----- UPDATE 2017/05/16 ----
InMoov and ProgramAB can be modeled a bit like a human. Let's think of it in terms of the parts.
- Ear
- Brain
- Filter
- Mouth
Ok, above we have an ear, an ear recognizes text and publishes that to the brain. The brain takes that text and produces 2 things. 1. a responses as text and 2. out of band messages ( generic mrl messages , we'll talk about these in other posts.)

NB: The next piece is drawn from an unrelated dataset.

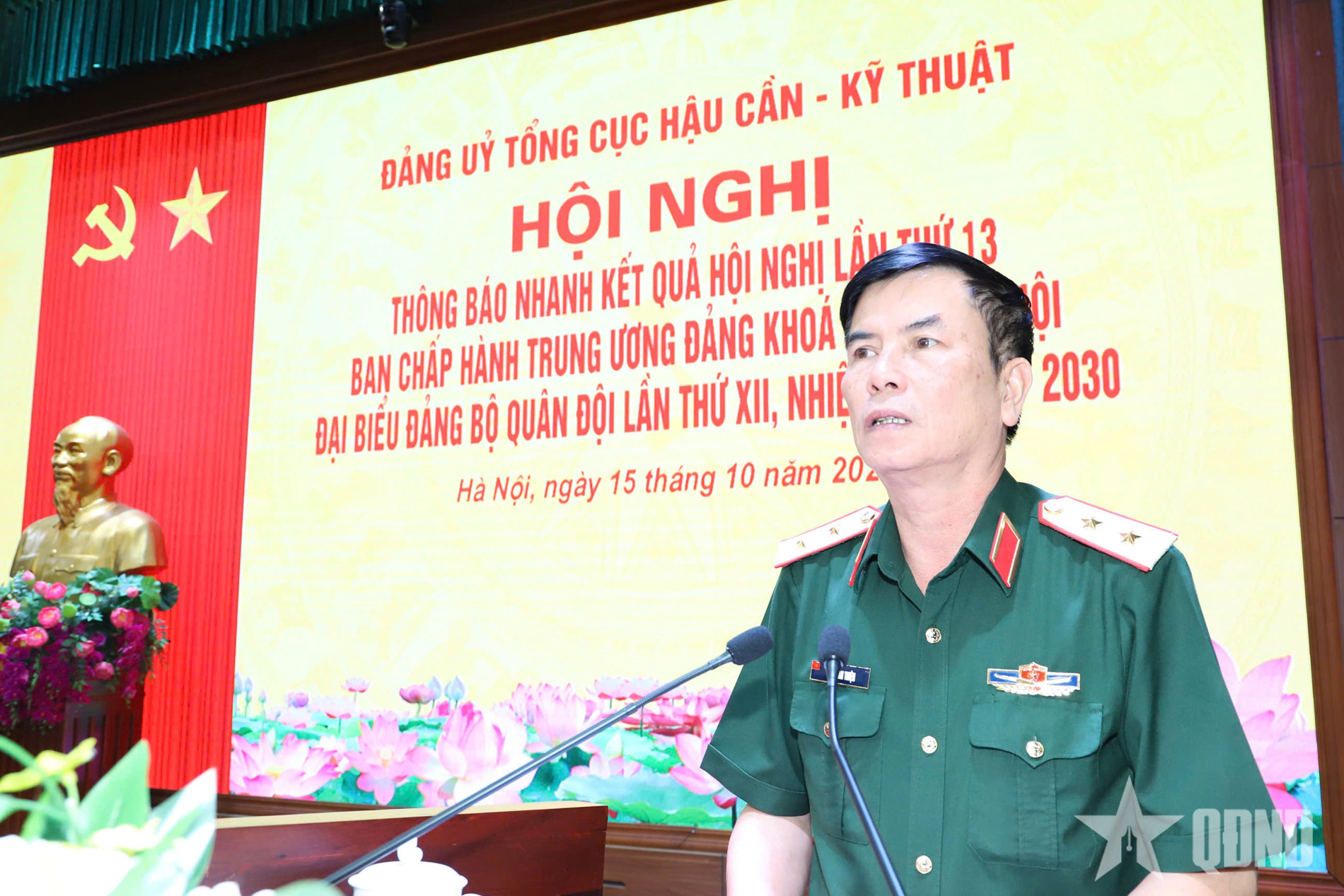 Ngay sau hội nghị, Thường vụ Đảng ủy Tổng cục Hậu cần - Kỹ thuật yêu cầu cấp ủy, chỉ huy các cấp lãnh đạo, chỉ đạo tổ chức tuyên truyền, quán triệt đến toàn thể cán bộ, đảng viên, quần chúng về kết quả Hội nghị lần thứ 13 Ban Chấp hành Trung ương Đảng khóa XIII và Đại hội đại biểu Đảng bộ Quân đội lần thứ XII, nhiệm kỳ 2025-2030, trọng tâm: Quán triệt phát biểu của đồng chí Tô Lâm, Tổng Bí thư Ban Chấp hành Trung ương Đảng Cộng sản Việt Nam (đăng trên Báo Quân đội nhân dân ngày 1 và 3-10); Thư của Đại hội đại biểu Đảng bộ Quân đội lần thứ XII (đăng trên Báo Quân đội nhân dân ngày 3-10); Thông báo nhanh kết quả Hội nghị lần thứ 13 Ban Chấp hành Trung ương Đảng khóa XIII; Thông báo nhanh kết quả Đại hội đại biểu Đảng bộ Quân đội lần thứ XII, nhiệm kỳ 2025-2030. Yêu cầu cấp trên trực tiếp cơ sở hoàn thành trước ngày 21-10; cấp cơ sở hoàn thành trước ngày 25-10.

The brain then filters its response, because it's good to be polite and have good maners. (It's not always a good thing to speak your mind..) .. The filter takes that text response in , filters it and publishes it as a cleaned version of that text. The mouth listens for that text to decide when to start speaking and what to say. It's good not to talk to yourself, so the ear knows when the mouth is speaking.
So, let's talk about how MRL is like building blocks of services that can be swapped in and out..
An "Ear" implements the SpeechRecognizer and TextPublisher interfaces. So, any service that implements these 2 interfaces can be consider an "Ear" service. Currently we have 2 ear services
- Sphinx
- WebkitSpeechRecognition
Sphinx is poor quality, but does not need to be connected to the internet. Webkit, high quality, but requires internet connection.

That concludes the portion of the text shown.